-- TASK DATA follows --
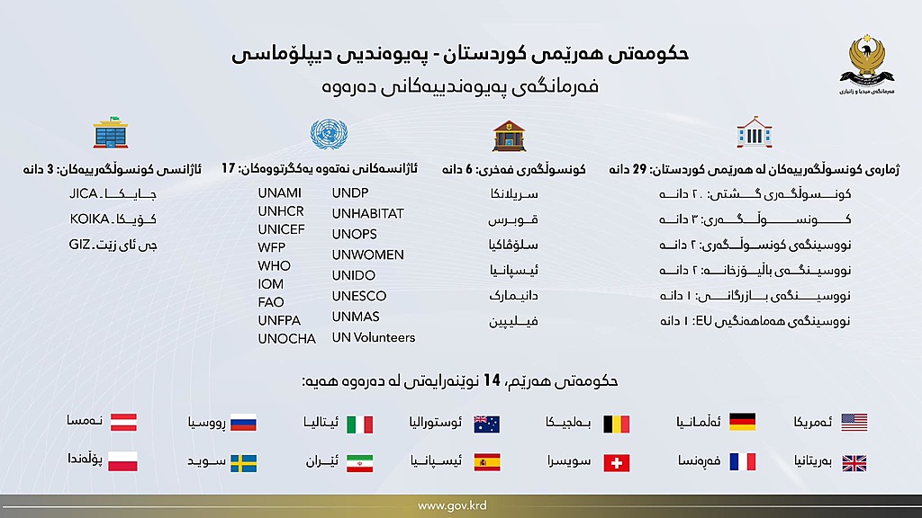 ماڵپەری فەرمانگەی میدیاو زانیاری حكومەتی هەرێم ئاشكرایكردووە "حكومەتی هەرێم 14 نوێنەرایەتی هەیە لە وڵاتان و 29 كونسوڵگەریش لە هەرێمی كوردستان بوونیان هەیە و 6 كونسوڵگەری فەخری و ئاژانسی نەتەوە یەكگرتووەكانیش ژمارەیان 17 ئاژانسە لە هەرێمی كوردستان و ئاژانسی كونسوڵگەرییەكانیش ژمارەیان 3 كونسوڵگەرییە".
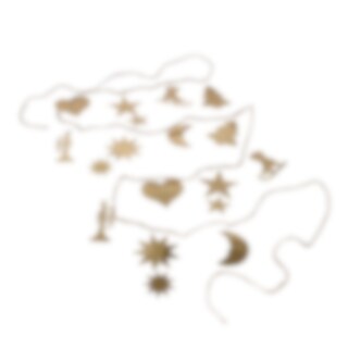 Garland with ornaments in genuine brass with classic Christmas motifs in the form of fir trees, hearts, stars, skates etc. Hang it in a wondow, in the Christmas tree or on the wall and let the ornaments reflect the light around. The garland is available in two lengths.
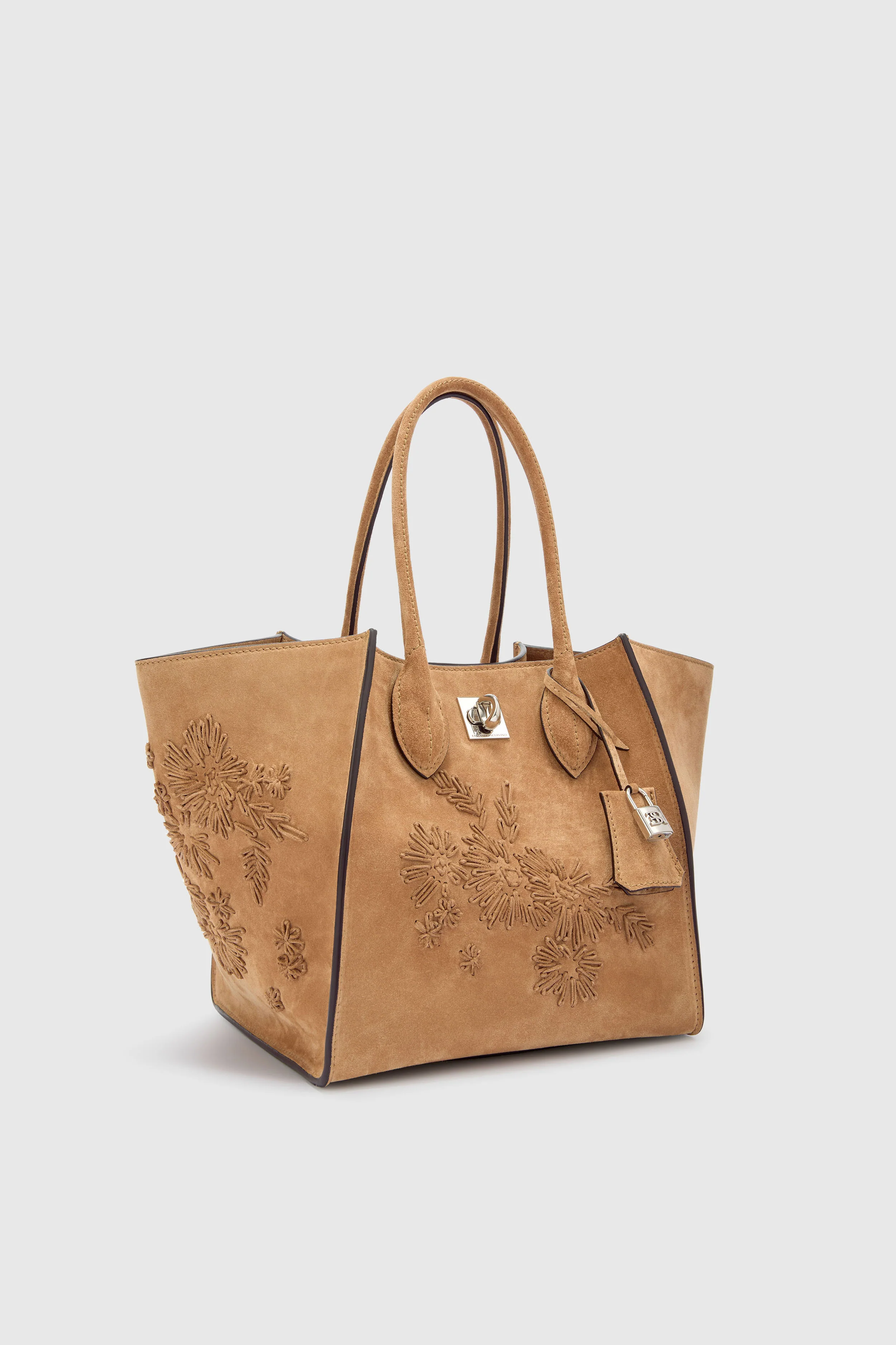 The Maggie Medium is a double-handle bag in suede calfskin, adorned with hand-embroidered floral motifs using matching suede strips. The signature personalized turn-lock closure is paired with a logo three-dimensional padlock, adding style and security. Metal feet protect the base, while the strap and trim in suede calfskin complete the accessory, along with a practical crosta pocket. A perfect balance of elegance, craftsmanship, and functionality.
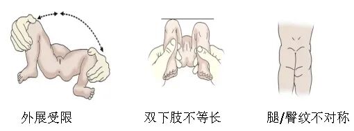 双腿一长一短,学行走后出现步态异常,单侧脱位者出现跛行,双侧脱位者表现为“鸭步”、“挺腹”、臀部明显向后抬高。
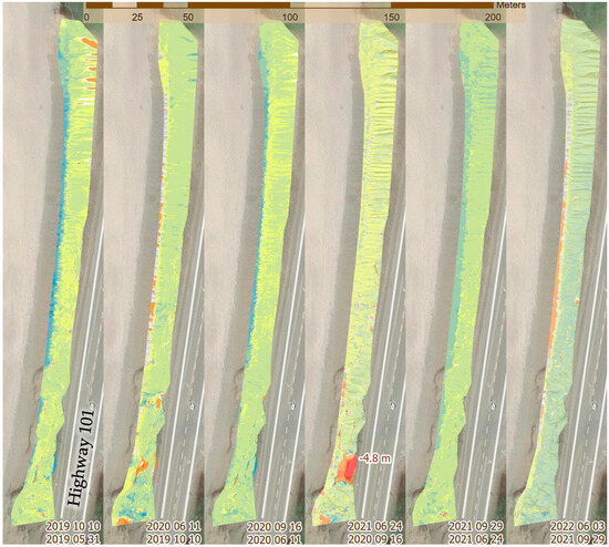 During the period from 2016 to 2022, terrestrial lidar surveys were conducted along Beverly Beach twice a year in order to capture the seasonality of erosional processes, resulting in a total of 12 surveys. The data were accumulated using a variety of terrestrial lidar scanners (Reigl VZ-400, Riegl Laser Measurement Systems GmbH, Horn, Austria and Leica Scanstation P50, Leica Geosystems, Heerrbrugg, Switzerland), with a target resolution of approximately 5 cm on the sea cliff. In addition to the laser scanner, a GNSS receiver (Leica GS14) was employed to record location coordinates during the scanning process. Data collection points were strategically situated along the Pacific Ocean shoreline at intervals of 30–40 m and a similar distance from the sea cliff based on the recommended procedures of Olsen et al. [36]. Despite the considerable width of Beverly Beach, data collection was primarily timed to coincide with periods of low tides. Scanning parameters such as resolution, scan angle, and rate were configured, along with necessary environmental corrections. Subsequently, the scans were georeferenced using the methodology outlined in Olsen et al. [36,37], utilizing a combination of GNSS coordinates for the scan origin, inertial sensors for leveling information, and point cloud surface matching.
-- TASK DATA concluded --
EXERCISE DETAILS: Transcribe all records verbatim and omit each image.

PROBLEM SOLUTION:
 ماڵپەری فەرمانگەی میدیاو زانیاری حكومەتی هەرێم ئاشكرایكردووە "حكومەتی هەرێم 14 نوێنەرایەتی هەیە لە وڵاتان و 29 كونسوڵگەریش لە هەرێمی كوردستان بوونیان هەیە و 6 كونسوڵگەری فەخری و ئاژانسی نەتەوە یەكگرتووەكانیش ژمارەیان 17 ئاژانسە لە هەرێمی كوردستان و ئاژانسی كونسوڵگەرییەكانیش ژمارەیان 3 كونسوڵگەرییە".
 Garland with ornaments in genuine brass with classic Christmas motifs in the form of fir trees, hearts, stars, skates etc. Hang it in a wondow, in the Christmas tree or on the wall and let the ornaments reflect the light around. The garland is available in two lengths.
 The Maggie Medium is a double-handle bag in suede calfskin, adorned with hand-embroidered floral motifs using matching suede strips. The signature personalized turn-lock closure is paired with a logo three-dimensional padlock, adding style and security. Metal feet protect the base, while the strap and trim in suede calfskin complete the accessory, along with a practical crosta pocket. A perfect balance of elegance, craftsmanship, and functionality.
 双腿一长一短,学行走后出现步态异常,单侧脱位者出现跛行,双侧脱位者表现为“鸭步”、“挺腹”、臀部明显向后抬高。
 During the period from 2016 to 2022, terrestrial lidar surveys were conducted along Beverly Beach twice a year in order to capture the seasonality of erosional processes, resulting in a total of 12 surveys. The data were accumulated using a variety of terrestrial lidar scanners (Reigl VZ-400, Riegl Laser Measurement Systems GmbH, Horn, Austria and Leica Scanstation P50, Leica Geosystems, Heerrbrugg, Switzerland), with a target resolution of approximately 5 cm on the sea cliff. In addition to the laser scanner, a GNSS receiver (Leica GS14) was employed to record location coordinates during the scanning process. Data collection points were strategically situated along the Pacific Ocean shoreline at intervals of 30–40 m and a similar distance from the sea cliff based on the recommended procedures of Olsen et al. [36]. Despite the considerable width of Beverly Beach, data collection was primarily timed to coincide with periods of low tides. Scanning parameters such as resolution, scan angle, and rate were configured, along with necessary environmental corrections. Subsequently, the scans were georeferenced using the methodology outlined in Olsen et al. [36,37], utilizing a combination of GNSS coordinates for the scan origin, inertial sensors for leveling information, and point cloud surface matching.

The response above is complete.